May 21, 2003

Shifted returns with a bang...and so does LLRX!!

How happy was I when I saw about 10 posts from Jenny today?! I was so thrilled that I was doing her patented happy dance through the stacks of my 11th Floor law library. You should have seen me. Welcome back Jenny (I know, she wasn't really gone, but she hasn;t been posting as much as she used to, right?)

Anyway, Jenny linked to the new edition of LLRX which had taken a longer hiatus. Welcome back Sabrina!!

Somehow in the transition from Newzcrawler to Syndirella to Radio, the LLRX RSS Feed had gotten lost. OK. There we go, back safe in my aggregator.

Psst...Jenny...I am quickly becoming an RSS Bigot. Almost every site that I read now has an RSS Feed or I have created one with Stapler. Walt must be covering his eyes and shaking his head grumbling, "Oh No!! Not another one"

Even though I can't get Walt's incredible newsletter in my aggregator, I still read it religiously. Although maybe I should start prodding Walt to provide some sort of feed. By the look of his front page or the archives page, I may be able to create one. Any interest, Walt?

C'mon Walt, come on over to the dark side...
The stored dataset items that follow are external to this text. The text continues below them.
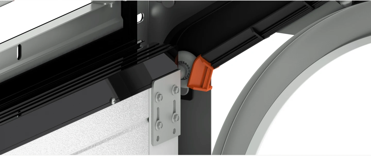 Мы используем ролики на шарикоподшипниках для бесшумного скольжения. Мы также минимизировали количество соединений на направляющих. Благодаря этим решениям дверь движется плавно и быстро. Каждая изготовленная дверь, независимо от размера, легко открывается одной рукой, без применения силы. Это достигается благодаря двум торсионным пружинам, обеспечивающим оптимальную балансировку двери.
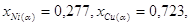 Координаты купола расслаивания при различных температурах сняты с диаграммы состояния Cu – Ni (рис. 1.1) и представлены в табл. 1.6. Табл. 1.6. Координаты купола расслаивания твёрдого раствора при различных температурах
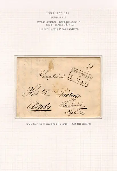 Albumblad innehållande 1 monterat förfilatelistiskt brev

Posted by Steven at May 21, 2003 10:55 PM
Comments

You might be able to figure out a way to be notified when there's a new issue, although isn't that easy to do with "webwatching" software?
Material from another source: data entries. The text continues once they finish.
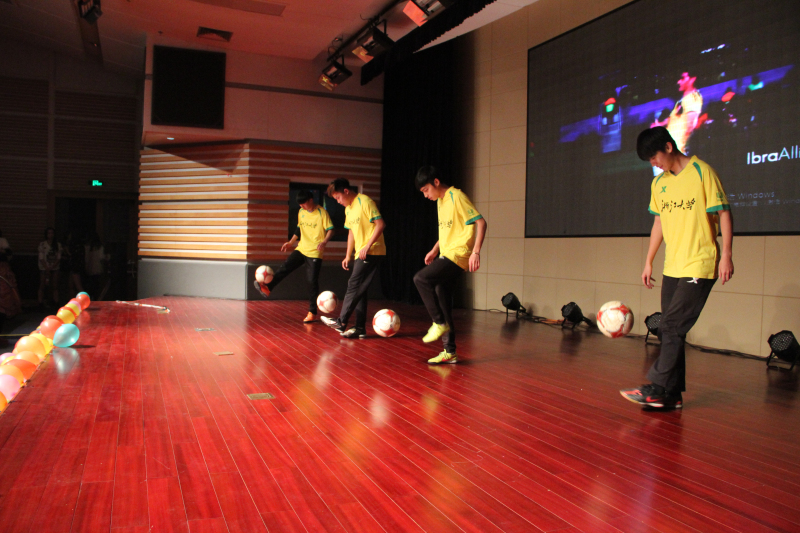 足球是大学生最爱的体育运动之一,浙大足球队历史悠久且成绩优异,由足球队队员带来的节目《足球桑巴》,仿佛将舞台变为绿茵场,花式颠球脚法精湛。“颠球是足球的基本功,运动员平时是反复练习的”指导老师方正的话却道出了精彩背后付出的艰辛。
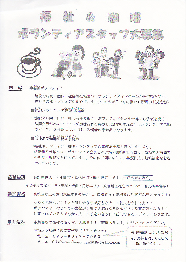 ボランティア募集や活動のPR、地域の困りごとなどお持ちください。
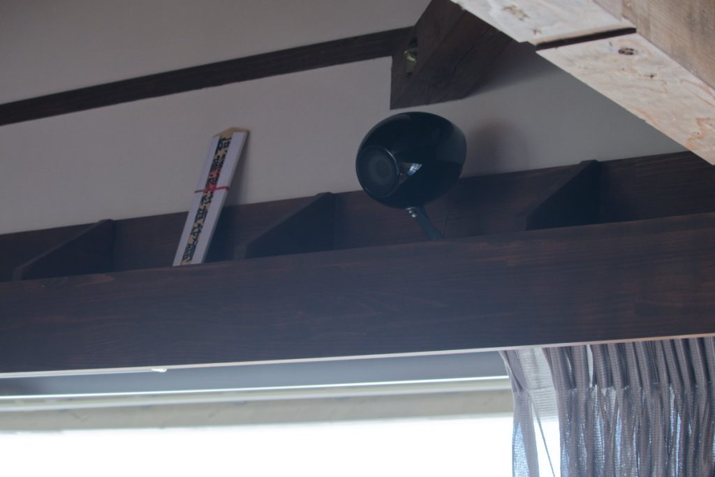 ダイナミックスカスタマイズがインストールしたホームシアターは、1階のリビングに設置されていた。動線を妨げないようにスピーカーは壁掛けし、プロジェクターは室内奥から軒に向かって投写する仕組み。使うときだけ電動のスクリーンが降りてきて映像を投写する。

As for the issues themselves, they're single PDFs, each about a quarter meg. You really, truly don't want to get them as part of a feed.

And, let's face it, I'm not a web technical hotshot: The site design should make that obvious.

You did get one thing: The cleanest way to pick up each new issue, and ONLY each new issue (ignoring PC Values), is to look for changes on the archive/all-issues page. It's conceivable that I'd make mid-issue changes to the home page (like making it spiffier, although that's not a high priority), but now that I've changed the all-issues site from a "previous-volumes" site to a complete index/table, it gets changed when and only when issues are released.

Like either tonight or tomorrow night, for example.